(309) Jetzt kommt wieder diese Verrückte, Emil.

von Alain Fux

„Jetzt kommt wieder diese Verrückte, Emil.“ Frau Leuschner zog sich etwas hinter die Gardinen zurück. Eine Frau in weißer Bluse und dunklem Rock kam den Bürgersteig entlang. In der Hand hielt sie ein Schild, auf dem geschrieben stand: ‚Nur Katholiken kommen in den Himmel‘. Alle Lettern waren in rot, nur ‚Katholiken‘ und ‚Himmel‘ waren in hellblau. Frau Leuschner wurde um ein paar Töne bleicher, denn sie war Protestantin.

„Was will diese Frau, Emil? Ob sie glücklich wird, wenn sie mit diesem Schild so durch die Straßen geht?“ Frau Leuschner schüttelte den Kopf. „Man fragt sich wirklich, Emil, was sie sich im besten Fall davon erhofft? Will sie, erschlagen auf der Straße, zur Märtyrerin werden? Was meinst du, Emil?“ Der Hund sah sie mit Unterbiss und wässrigen Augen an.

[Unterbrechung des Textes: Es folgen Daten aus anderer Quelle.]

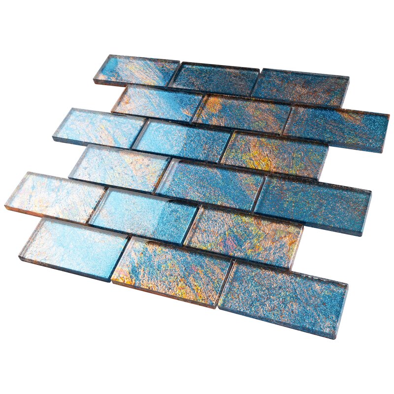 2x4 Glossy Glitter Blue Sky with Redish and Orange Brick Glass Wall Tiles for Bathroom and Kitchen Walls Kitchen Backsplashes
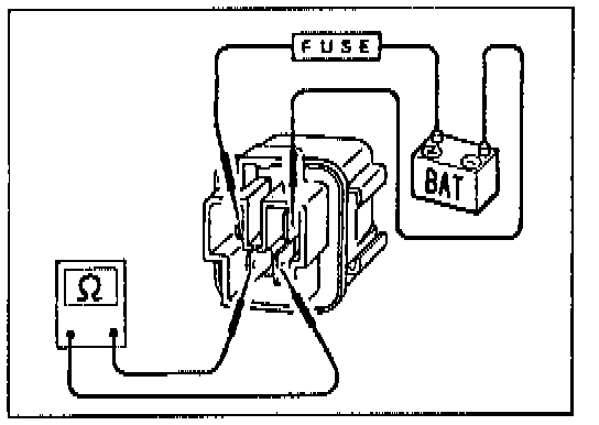 Check circuit continuity between terminals by supplying 12 volts to coil side terminal of relay.

„Der Mann, der ihr folgt, sieht aus, als ob er lieber etwas ganz anderes mit ihr machen wollte. Schau dir das mal an, Emil. Gleich fangen seine Lefzen an zu triefen.“

Egon Spengler folgte Elli Handschuh seit fast hundert Metern und er war erregt. Als ihm die Frau mit dem Schild entgegengekommen war, hatte er einen Augenblick das Gefühl gehabt, als ob alle Nervenzellen in seinem Hirn gleichzeitig feuerten. Er hatte seine Richtung gewechselt und war ihr gefolgt, um herauszufinden, was diesen Effekt bei ihm ausgelöst hatte. War es die Strenge ihrer Bekleidung? War es die Kombination mit Religion und vor allem Himmel, Hölle implizierend, die sein Interesse aufs Äußerste geweckt hatte? Fühlte er sich als Atheist der Willkür dieser Frau ausgeliefert, die ihn in die Hölle verstoßen konnte? War es ihr entschlossener Gang, als ob sie eine Mission hatte, der sie unerbittlich folgen würde? Vielleicht sogar mit Hilfe des Schildes, das man bestimmt als Waffe einsetzen konnte? Oder war es die Hässlichkeit ihres Gesichts, die auf ihn einen aphrodisischen Einfluss hatte? Während er ihren Schritten folgte, erinnerte sich Spengler an einen Abend vor vielen Jahren.